**The task**
Filter the listing below, copying every line in which the word "create" appears.

- Opening Delimiter -

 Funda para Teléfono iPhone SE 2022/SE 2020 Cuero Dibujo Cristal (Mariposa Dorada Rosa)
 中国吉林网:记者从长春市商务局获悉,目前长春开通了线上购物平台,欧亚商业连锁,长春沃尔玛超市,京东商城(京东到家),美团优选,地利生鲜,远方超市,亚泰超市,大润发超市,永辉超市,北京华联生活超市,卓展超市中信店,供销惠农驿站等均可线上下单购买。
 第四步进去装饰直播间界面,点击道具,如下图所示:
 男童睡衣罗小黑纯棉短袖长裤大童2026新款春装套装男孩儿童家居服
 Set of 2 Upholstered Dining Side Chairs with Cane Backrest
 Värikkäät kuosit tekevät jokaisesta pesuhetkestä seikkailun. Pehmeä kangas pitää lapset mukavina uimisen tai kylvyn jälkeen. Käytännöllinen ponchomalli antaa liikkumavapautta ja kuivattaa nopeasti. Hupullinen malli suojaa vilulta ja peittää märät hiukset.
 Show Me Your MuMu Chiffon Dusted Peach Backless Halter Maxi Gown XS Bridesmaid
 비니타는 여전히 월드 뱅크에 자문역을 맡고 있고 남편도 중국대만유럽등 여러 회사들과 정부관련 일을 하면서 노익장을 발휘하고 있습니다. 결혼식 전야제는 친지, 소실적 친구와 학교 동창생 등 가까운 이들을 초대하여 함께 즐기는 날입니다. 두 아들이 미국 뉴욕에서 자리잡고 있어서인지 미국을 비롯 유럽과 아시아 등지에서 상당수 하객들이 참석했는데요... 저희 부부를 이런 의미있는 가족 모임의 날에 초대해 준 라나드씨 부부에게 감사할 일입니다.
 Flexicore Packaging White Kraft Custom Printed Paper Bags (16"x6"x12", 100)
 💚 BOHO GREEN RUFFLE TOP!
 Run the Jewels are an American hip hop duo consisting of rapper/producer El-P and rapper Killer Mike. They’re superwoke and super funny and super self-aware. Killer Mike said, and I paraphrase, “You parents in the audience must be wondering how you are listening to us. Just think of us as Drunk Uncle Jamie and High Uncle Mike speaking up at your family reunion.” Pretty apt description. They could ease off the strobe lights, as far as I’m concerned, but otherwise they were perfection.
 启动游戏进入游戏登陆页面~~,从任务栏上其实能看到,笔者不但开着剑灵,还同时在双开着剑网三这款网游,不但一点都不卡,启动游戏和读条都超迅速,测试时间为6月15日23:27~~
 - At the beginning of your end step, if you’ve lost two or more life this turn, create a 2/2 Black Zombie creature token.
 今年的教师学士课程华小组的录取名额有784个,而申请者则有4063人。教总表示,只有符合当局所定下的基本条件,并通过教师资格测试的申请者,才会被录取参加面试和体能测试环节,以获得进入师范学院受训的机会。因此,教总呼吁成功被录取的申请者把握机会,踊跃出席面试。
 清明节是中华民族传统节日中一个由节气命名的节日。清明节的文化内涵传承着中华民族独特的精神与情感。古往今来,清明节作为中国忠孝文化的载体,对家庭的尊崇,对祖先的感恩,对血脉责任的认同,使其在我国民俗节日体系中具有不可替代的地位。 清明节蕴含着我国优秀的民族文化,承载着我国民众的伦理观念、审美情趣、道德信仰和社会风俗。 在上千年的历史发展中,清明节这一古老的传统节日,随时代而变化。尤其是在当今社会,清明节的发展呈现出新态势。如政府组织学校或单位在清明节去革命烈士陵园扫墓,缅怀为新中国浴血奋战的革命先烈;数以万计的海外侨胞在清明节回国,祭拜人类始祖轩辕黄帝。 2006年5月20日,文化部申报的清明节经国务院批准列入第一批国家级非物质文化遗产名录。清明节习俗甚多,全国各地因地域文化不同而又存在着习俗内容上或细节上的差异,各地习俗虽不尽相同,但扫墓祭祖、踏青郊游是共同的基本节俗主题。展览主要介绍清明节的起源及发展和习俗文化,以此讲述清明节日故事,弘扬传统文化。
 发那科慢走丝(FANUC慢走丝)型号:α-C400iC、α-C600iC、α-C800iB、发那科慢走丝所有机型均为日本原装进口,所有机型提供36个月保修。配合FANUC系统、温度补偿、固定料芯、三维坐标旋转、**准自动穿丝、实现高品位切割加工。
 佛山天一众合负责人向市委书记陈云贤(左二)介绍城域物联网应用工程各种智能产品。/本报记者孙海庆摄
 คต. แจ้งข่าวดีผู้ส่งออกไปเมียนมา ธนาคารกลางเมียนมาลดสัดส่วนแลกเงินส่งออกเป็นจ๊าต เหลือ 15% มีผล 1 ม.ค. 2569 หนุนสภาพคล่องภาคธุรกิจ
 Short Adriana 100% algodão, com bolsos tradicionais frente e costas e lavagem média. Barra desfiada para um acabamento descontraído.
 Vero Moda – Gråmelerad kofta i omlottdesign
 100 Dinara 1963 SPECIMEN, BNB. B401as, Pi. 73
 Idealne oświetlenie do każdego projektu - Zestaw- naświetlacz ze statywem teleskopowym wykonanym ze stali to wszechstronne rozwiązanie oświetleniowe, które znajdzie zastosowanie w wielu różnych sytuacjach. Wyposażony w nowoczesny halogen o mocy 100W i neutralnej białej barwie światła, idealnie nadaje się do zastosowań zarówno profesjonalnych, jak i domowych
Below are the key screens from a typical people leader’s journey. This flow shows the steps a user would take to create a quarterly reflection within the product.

- Closing Delimiter -

**Completed task**
 - At the beginning of your end step, if you’ve lost two or more life this turn, create a 2/2 Black Zombie creature token.
Below are the key screens from a typical people leader’s journey. This flow shows the steps a user would take to create a quarterly reflection within the product.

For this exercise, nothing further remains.